Bangsa Indonesia harus berterima kasih kepada Presiden ke-4 Abdurrahman Wahid. Presiden Gus Dur, lewat Peraturan Presiden Nomor 6 Tahun 2000, mengakui Konghucu sebagai agama. Sejak saat itu, Konghucu menjadi agama resmi keenam setelah Islam, Kristen, Katolik, Hindu, dan Buddha. Kebijakan itu makin mengukuhkan Gus Dur sebagai bapak pluralisme Indonesia.
Presiden ke-5 Megawati Soekarno Putri meneguhkan kebijakan pendahulunya dengan menjadikan Tahun Baru Imlek sebagai hari libur nasional. Berkat kedua tokoh bangsa itu,kaum Tionghoa di Indonesia kini bebas mengekspresikan keyakinan, agama, budaya, dan bahasa mereka. Keberagaman di negara yang punya semboyan Bhinneka Tunggal Ika ini kian semarak.
Bukan cuma kalangan Tionghoa, kita yang bukan beretnis Tionghoa atau beragama Konghucu ternyata juga ikut merayakan keberagaman itu. Tengoklah, seperti dilaporkan Media Indonesia edisi 7 Februari 2016, warga dari berbagai etnis dan agama terlibat dalam penyelenggaraan perayaan Imlek. Di Singkawang, Kalimantan Barat, warga muslim bergabung dalam kepanitiaan Imlek dan Festival Cap Go Meh. Kepala sekretariat panitia ialah warga muslim beretnis Bugis, sementara bendaharanya warga muslim beretnik Melayu.

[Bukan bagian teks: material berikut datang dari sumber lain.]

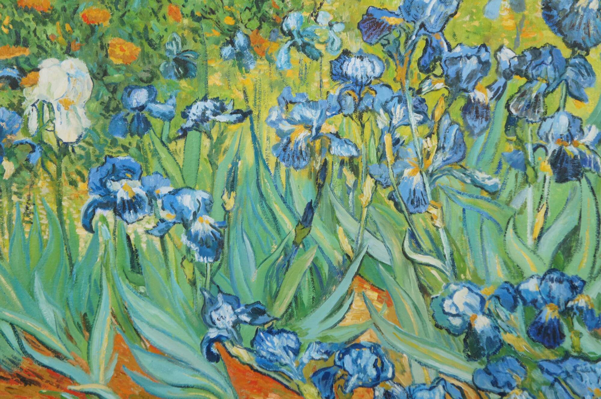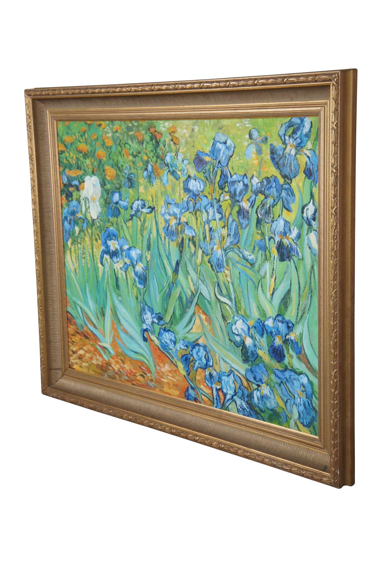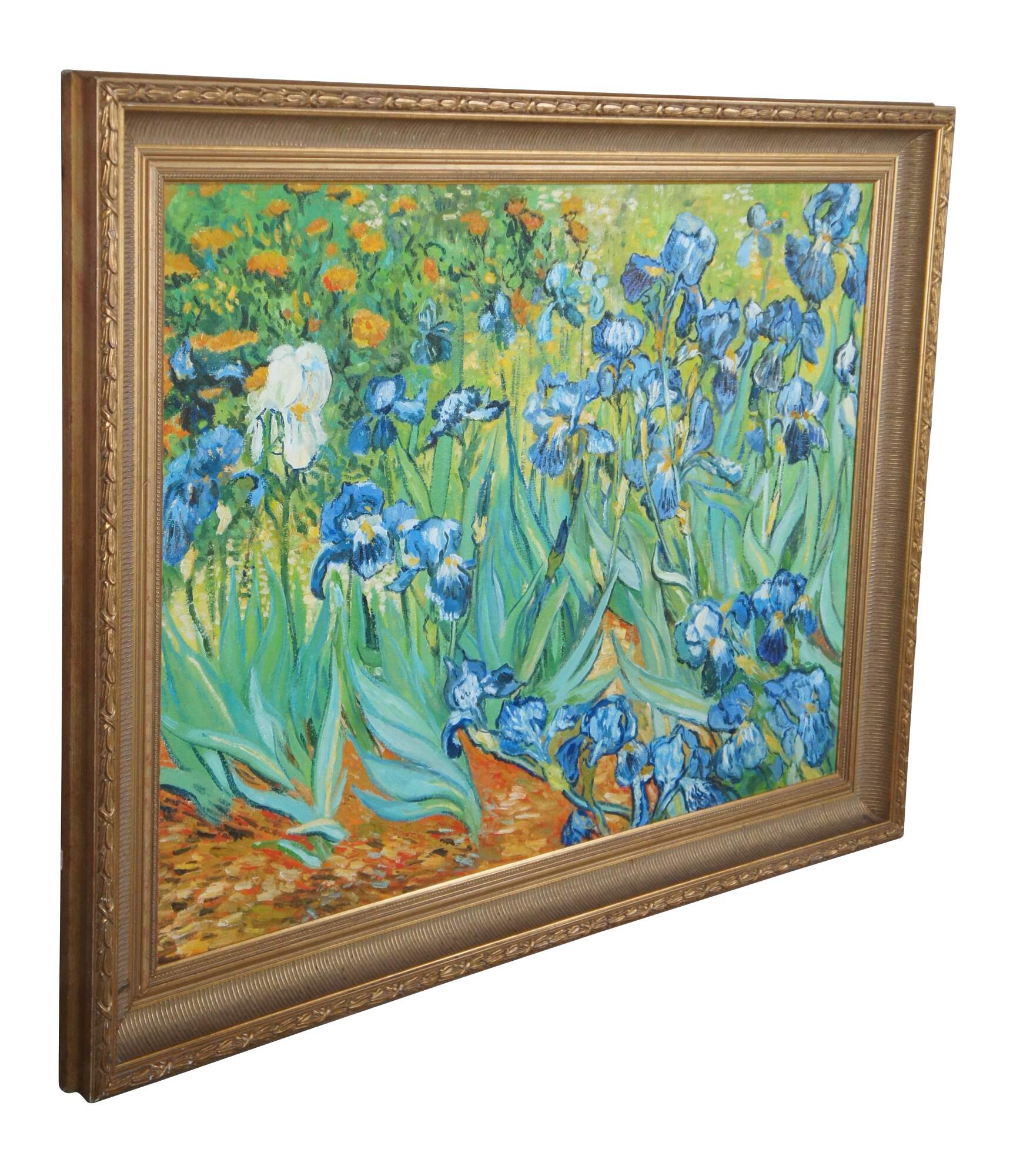 Irises" Contemporary School oil painting after Vincent Van Gogh. An oil on canvas framed in wood with gold finished neoclassical style framed. Unsigned
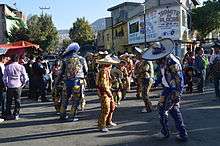 Carnival celebrations in the state of Morelos are generally family-oriented affairs.[34] The best known Carnival in the state of Morelos is in Tlayacapan, noted for its Chinelos dancers. This dance was created as a way for the indigenous to ridicule their Spanish overlords.[35] Other communities with significant Carnival celebrations include Jiutepec, Emiliano Zapata, Xochitepec, Tlaltizapán, Tepoztlán and Yautepec.[34]
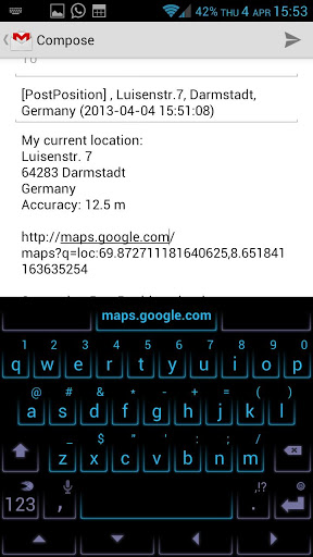 You can also simply start PostPosition and send your position to you friends via SMS, gTalk, Mail, Skype, Line, Tango or WhatsApp.
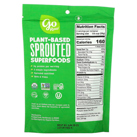 Inform when this item available: Go Raw, Organic Sprouted Pumpkin Seeds, Sea Salt, 4 oz (113 g) - 113.4 g / 0.12 / 0.26
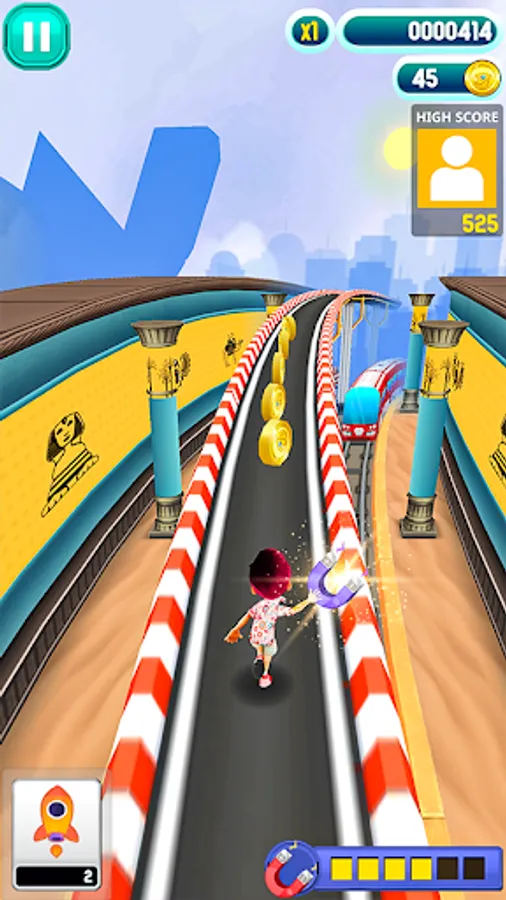 Rush as fast as you can, dodge the oncoming trains. Carefully pass the Obstacles! Intuitive controls to run left or right, jump in the sky to obtain more coins, excited slide to safety!
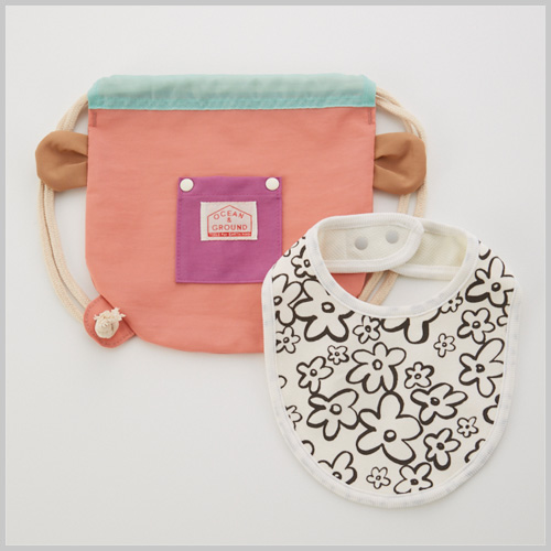 スタイとナイロン素材のナップサックのセット。
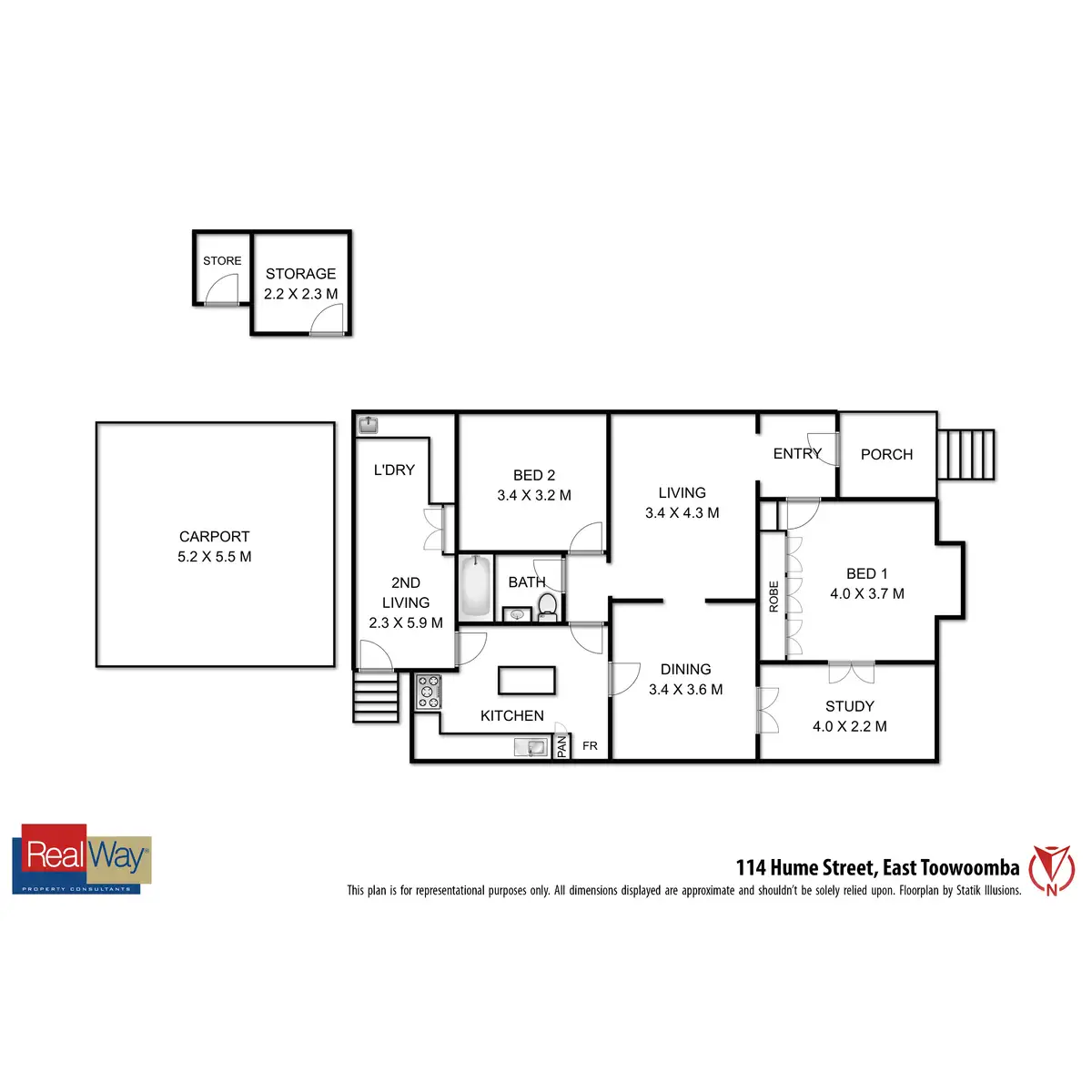 3 Bed • 1 Bath • 2 Car • 483m²

Di Surabaya, Jawa Timur, perayaan Imlek digelar di tempat ibadah kaum muslim, yakni Masjid Cheng Ho. Perayaan Imlek di Masjid Cheng Ho bahkan berlangsung setiap tahun. Di Bali, perayaan Inlek melebur dalam simbol budaya Bali. Warga Tionghoa di Pulau Dewata itu sejak dua hari lalu sibuk memasang penjor atau bambu hiasan dengan janur di sejumlah vihara di Kuta, Bali.
Itu semua terang benderang menggambarkan betapa perayaan Imlek membuat kita semua melek, tidak buta, akan keberagaman bangsa ini. Kita mesti pandai mengelola dan merawatnya. Keberhasilan mengelola dan merawat keberagaman menjadikan kita bangsa yang sanggup melembagakan kemajemukan sebagai sumber untuk saling mengenal dan memahami satu sama lain, bukan sebagai sumber pertikaian.
Bukan cuma merawat dan mengelola, kita bahkan semestinya terus meningkatkan keberagaman kita. Salah satunya dengan menghapus istilah "agama resmi." Kita mengapresiasi pengakuan negara terhadap Konghucu sebagai agama resmi. Akan tetapi, terminologi "agama resmi" menunjukkan ada "agama tidak resmi." Agama tidak resmi biasanya mengacu pada agama-agama lokal, seperti Kaharingan di masyarakat Dayak, Sunda Wiwitan di masyarajat Sunda atau Parmalim di masyarakat Batak.
Para penganut agama lokal ini "dipaksa" mencantumkan satu dari enam agama resmi di kolom agama pada KTP mereka. Sebagai contoh, penganut Kaharingan mencantumkan Hindu" di kolom agama pada KTP mereka. Padahal, Kaharingan berbeda dengan Hindu. Jelas kebijakan itu tidak sejalan dengan konstitusi. Bukankah konstitusi menjamin kebebasan warga negara memeluk agama dan keyakinan serta mengekspresikan agama dan keyakinan mereka itu? Bukankah mengisi kolom agama di KTP sesuai agama yang dianut merupakan ekspesi keagamaan dan keyakinan?
Dengan tidak diakuinya agama-agama lain selain keenam agama resmi, Indonesia disebut negara dengan kebebasan beragama yang terbatas atau limited freedom of religion. Ungkapan kebebasan beragama yang terbatas itu sendiri merupakan istilah yang kontradiktif, contradictio in terminus. Menjadi tugas Pemerintahan Presiden Jokowi dan Wapres Jusuf Kalla untuk semakin menyempurnakan kebebasan beragama di negara ini. Perayaan Imlek yang telah membuat kita melek keberagaman ini menjadi momentum untuk mewujudkan hal itu. Selamat merayakan Imlek! Selamat merayakan keberagaman!